Monopattino oltre i 100 km l’ora. Controlli e sequestri a Bresso
Controlli straordinari della Polizia Locale di Bresso sulle strade cittadine. L’attività, intensificata nelle ultime settimane, ha riguardato in particolare il rispetto delle norme introdotte con il nuovo Codice della strada, con verifiche mirate sui comportamenti più pericolosi alla guida e sull’utilizzo dei monopattini elettrici.
Tra le violazioni più frequenti emerse durante i controlli figura l’uso del telefono cellulare mentre si è al volante. Gli agenti hanno contestato 34 infrazioni ad automobilisti sorpresi a utilizzare lo smartphone durante la marcia, spesso intenti a scrivere o leggere messaggi anziché mantenere l’attenzione sulla carreggiata. Per tutti è scattato il ritiro della patente, come previsto dalla normativa vigente. Per individuare i trasgressori è stato impiegato anche un veicolo in abiti civili.
L’attività si è concentrata anche sui monopattini elettrici. In totale sono stati elevati undici verbali: sei conducenti circolavano senza la targa obbligatoria, tre senza casco e due sono stati sanzionati per aver superato il limite di velocità consentito. Tra gli episodi più particolari quello di un monopattino che, secondo gli accertamenti effettuati dagli agenti, è risultato in grado di raggiungere una velocità di 107 chilometri orari.
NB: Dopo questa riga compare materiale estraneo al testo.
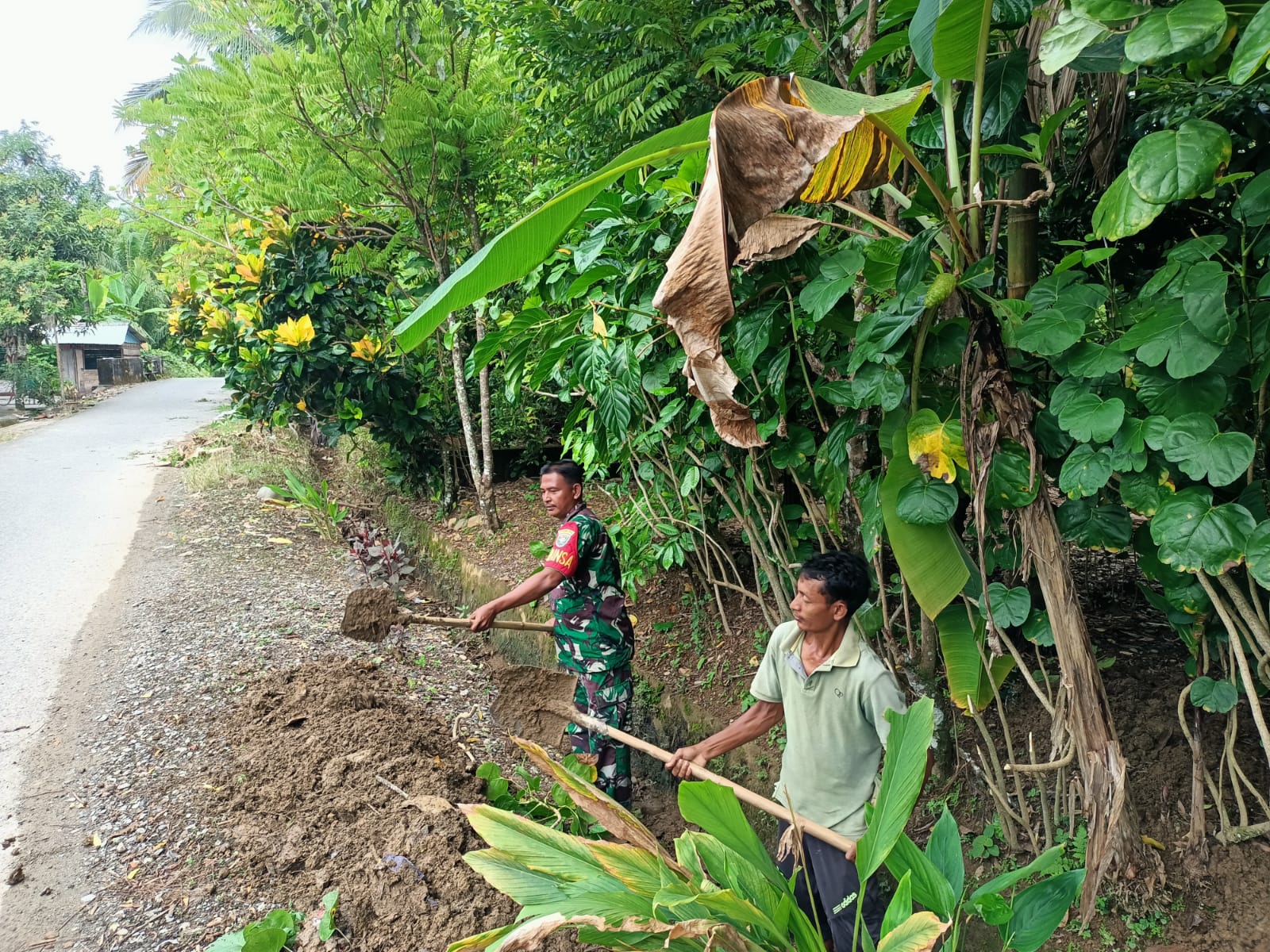 Abdya – Babinsa Serda Hamdani Koramil 05/Tangan-Tangan Kodim 0110/Abdya bersama warga melaksanakan kegiatan gotong royong membersihkan selokan, di Desa Drien…
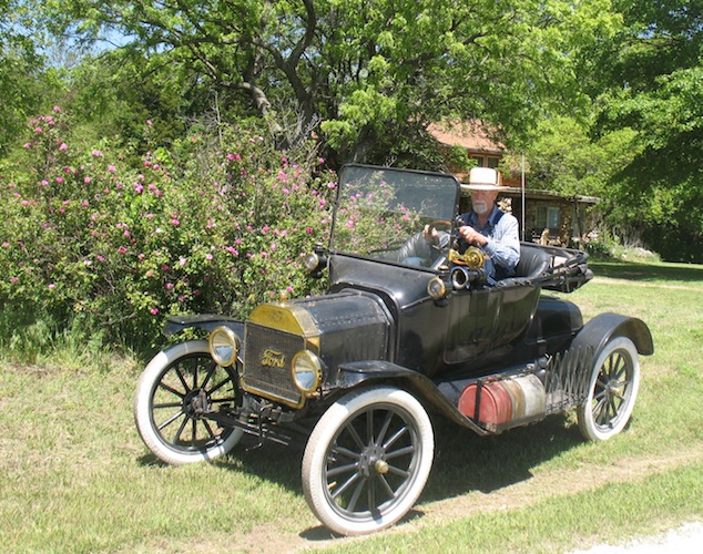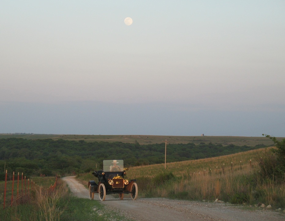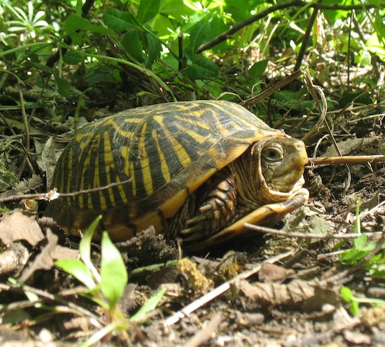 Yard work, all day. I did a lot of mowing, then tackled small tree removal along the west drive. That's a job that's needed doing for a long time, and there are a lot of little trees that need to go. While mowing I noticed that the rose bush out by the road is in full bloom, so I brought the roadster out to sit for a portrait with the roses. While working on tree removal, I came across a painted box turtle, the offical Kansas State Reptile. |
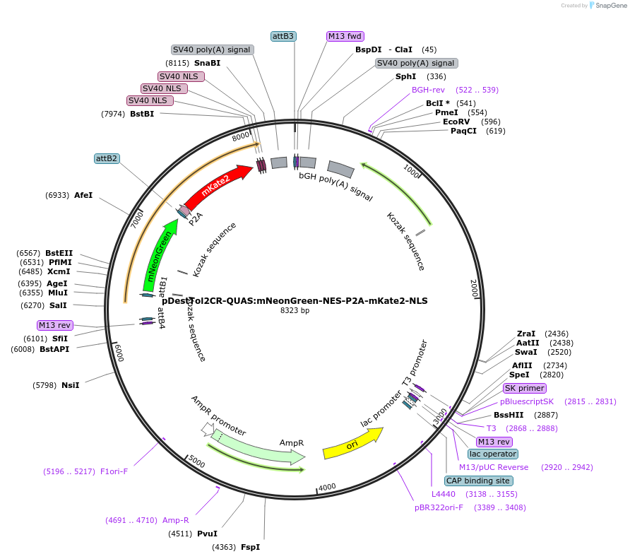 PurposeZebrafish transgenesis plasmid encoding cytoplasmic mNeonGreen-NES and mKate2-NLS separated by the P2A peptide, driven by the QUAS enhancer, and including a cmlc2:mKate2 cardiac transgenesis marker

Parallelamente ai controlli sulla sicurezza stradale, le pattuglie impegnate nei servizi di presidio del territorio hanno fermato due veicoli già segnalati nell’ambito di indagini nazionali per episodi di furti e truffe.
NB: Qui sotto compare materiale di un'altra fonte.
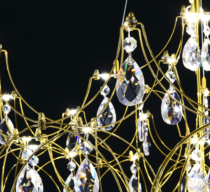 Осветительный прибор создан в стиле Арт-Деко. Задействуются лампочки цоколя LED мощностью 29 Вт, количеством 57 шт.
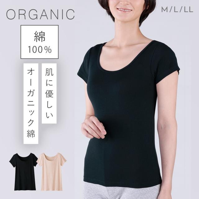 オーガニックコットン インナー,インナー フレンチ袖,フレンチスリーブ 綿100 インナー, シャツ,半袖,フレンチ袖,フレンチスリーブ,オーガニックコットン,ブラック,黒,ベージュ,インナー,肌着,綿100%,コットン100%,綿,コットン,100,敏感肌,乾燥肌,肌に優しい,ストレッチ,伸縮,伸びる,フィット,無地,シンプル,薄手,薄い,大人,レディース,女性,シニア,高齢者,お年寄り,ミセス,30代,40代,50代,60代,70代,M,L,LL,大きいサイズ,ゆったり,大きめ,
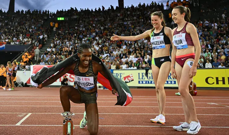 With a searing finish, the Kenyan flew to a time of 3:51.29, with Australian Jessica Hull winning silver in 3:52.56 and Georgia Hunter Bell breaking Laura Muir’s British record to take bronze in 3:52.61.

In uno dei casi gli agenti hanno identificato alla guida di un’auto a noleggio una donna peruviana, classe 1988, residente nell’hinterland milanese, priva di patente e con numerosi precedenti per reati contro il patrimonio. La donna risultava inoltre destinataria di diversi provvedimenti di prevenzione emessi in varie città italiane.
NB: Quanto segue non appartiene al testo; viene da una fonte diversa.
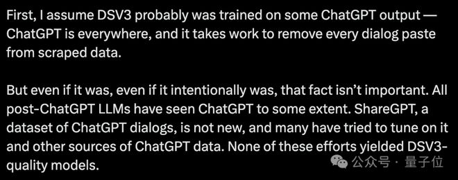 要说这两天大模子圈的顶流话题,那绝对黑白DeepSeek V3莫属了。 不外在网友们纷纷测试之际,有个bug也成了热议的核心—— 只是少了一个问号,DeepSeek V3竟然称本身是ChatGPT。 ![]() 乃至让它讲个笑话,天生的效果也是跟ChatGPT一样: ![]() 加之DeepSeek V3这次爆火的一个亮点,就是练习只花了557.6万美元的本钱。 于是乎,有人就开始猜疑了:它不会是在ChatGPT的输出底子上练习的吧? 好巧不巧,Altman也发了一个状态,好像在暗讽着什么…… ![]() 不外DeepSeek V3并非是第一个出现“报错家门”的大模子。 比方Gemini就曾说过本身是百度的文心一言 ![]() 那么这到底是怎么一回事? 起首必要夸大的一点是,从现在网友们团体讨论的观点来看,说DeepSeek V3是在ChatGPT输出上练习的大概性不大 ![]() 之以是这么说,正如网友Riley Goodside所总结的那样——由于ChatGPT的影子无处不在。 ![]() 紧接着,Riley Goodside又拿出了DeepSeek V3陈诉中的一些证据: ![]() 而比起用没用ChatGPT数据,大概昨们应当更加关注的是为什么大模子会频仍出现“报错家门”的题目。 TechCrunch针对这个题目给出了一句犀利的点评: 究竟欧盟的一份陈诉曾猜测,到2026年,90%的在线内容大概是AI天生的。 这种“AI污染”就会让“练习数据彻底过滤AI的输出”变得困难。 ![]() AI Now Institute的首席科学家Heidy Khlaaf则表现: 那么如今对于网友们热议的题目,量子位举行了一波实测,DeepSeek V3现在还没有办理这个bug。 仍旧是少了个问号,答复效果会不一样: ![]() 不外有一说一,绝大部门网友对于DeepSeek V3的本领是给予了大大的肯定。 从各路AI大佬们团体直呼“优雅”中就能印证这一点。 而就在这两天,网友们连续晒出了更多DeepSeek V3加持的实用玩法 比方有网友拿DeepSeek V3和Claude Sonnet 3.5一决高下,在Scroll Hub中分别用它俩创建网站 ![]() 视频地点:https://mp.weixin.qq.com/s/ieCfWqC5gsJ-Oc7-_L3uDQ?token=904287848&lang=zh_CN 博主在测试之后,以为DeepSeek V3完全胜出! 另有网友分享了用DeepSeek V3在AI视频编辑器中的体验。 他表现以后不消再在FFMPEG下令上浪费时间了,DeepSeek V3不但免费,还能改变你的工作流程: ![]() 视频地点:https://mp.weixin.qq.com/s/ieCfWqC5gsJ-Oc7-_L3uDQ?token=904287848&lang=zh_CN AI编程神器Cursor也能跟DeepSeek V3联合,来看一个做贪吃蛇的案例: ![]() 视频地点:https://mp.weixin.qq.com/s/ieCfWqC5gsJ-Oc7-_L3uDQ?token=904287848&lang=zh_CN 嗯,DeepSeek V3是有点好用在身上的。 对于此前公布的53页论文,也有网友关注到了一个非技能性的细节—— 贡献列表中,不但展示了技能职员,另有数据解释和商务等工作职员: ![]() 网友以为这种做法非常符合DeepSeek的调性: ![]() [1]https://techcrunch.com/2024/12/27/why-deepseeks-new-ai-model-thinks-its-chatgpt/ [2]https://x.com/victormustar/status/1872647314231398524 [3]https://x.com/breckyunits/status/1872422078592516295 [4]https://x.com/op7418/status/1872689338242482203 [5]https://x.com/goodside/status/1872911457857208596 [6]https://x.com/kevinsxu/status/1873146905846530472 ![]() 海量资讯、精准解读,尽在新浪财经APP

Durante il controllo sono stati rinvenuti modiche quantità di sostanza stupefacente per uso personale e alcuni telefoni cellulari privi di scheda Sim, dei quali non è stata in grado di giustificare la provenienza. Per questo motivo è stata denunciata con l’accusa di ricettazione, mentre il materiale è stato posto sotto sequestro.